Things are not improving in the rate of exchange between the U.S. Dollar and the Japanese Yen.
According to Bloomberg.com:
The dollar fell to a three-week low against the yen on speculation the Federal Reserve will reiterate next week its intention to keep interest rates near zero, damping the appeal of U.S. assets.
The dollar dropped 1.5 percent to 81.88 yen yesterday from 83.13 yen on April 15, for a second weekly loss.
I just did a check on the rate at the Universal Currency Converter and it came up with this:
1.00 USD = 81.9320 JPY
The graph at left shows the downward trend in the rate of exchange between the U.S. Dollar and the Japanese Yen from 2007 to 2011. The dollar has not been at or above 100 yen/dollar since 2009. Before I went to Japan last December, my most recent trip there was in April 2007. At that time, I was able to get 116 yen per every dollar I exchanged. There is no indication that the dollar will recover any of its value anytime soon.

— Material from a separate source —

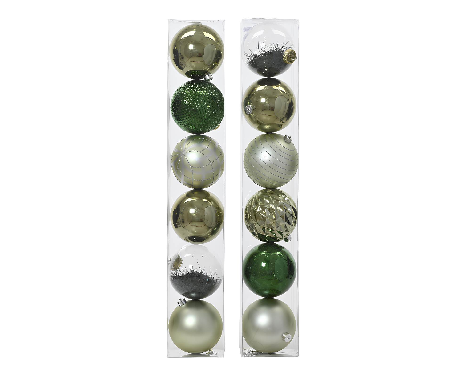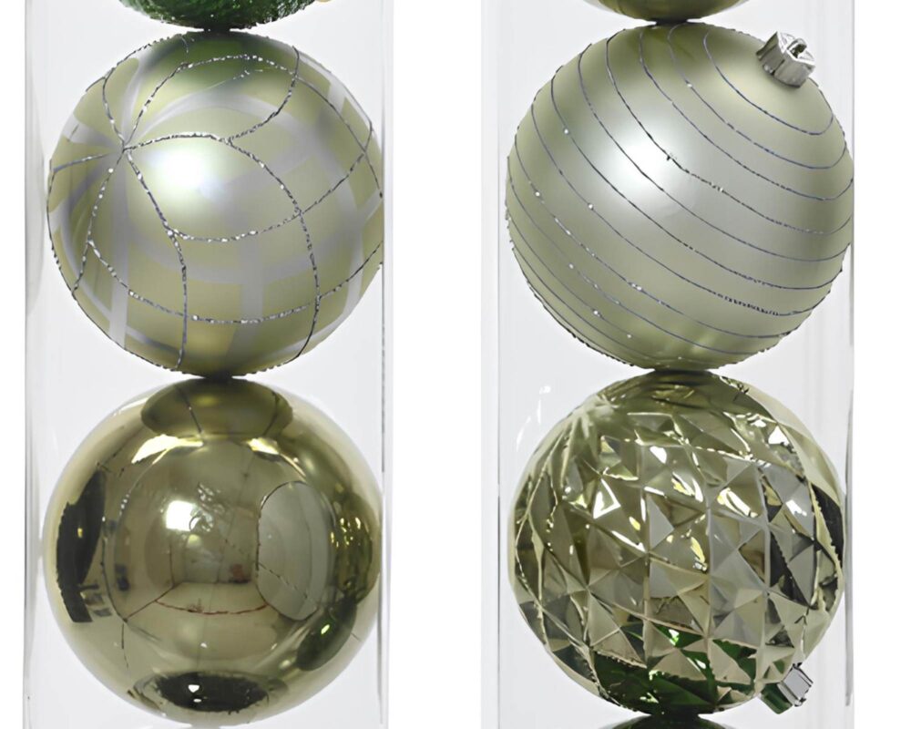 Set 6 Pz Sfere Verde Argentato Assortito D15cm in Vetro

Unfortunately, this makes Japanese goods more expensive for Americans traveling to Japan. Likewise, this does not help Japanese companies (like Toyota, for instance) in their overseas sales to American buyers. This will not improve unless the U.S. Congress and President Obama gets serious in reducing the U.S. debt. That's why it is important for the Republican House of Representatives hold firm in cutting the $14 trillion debt and not raise the debt ceiling. All the insane spending during the previous two years has devalued the dollar. It is just "printing press" money right now.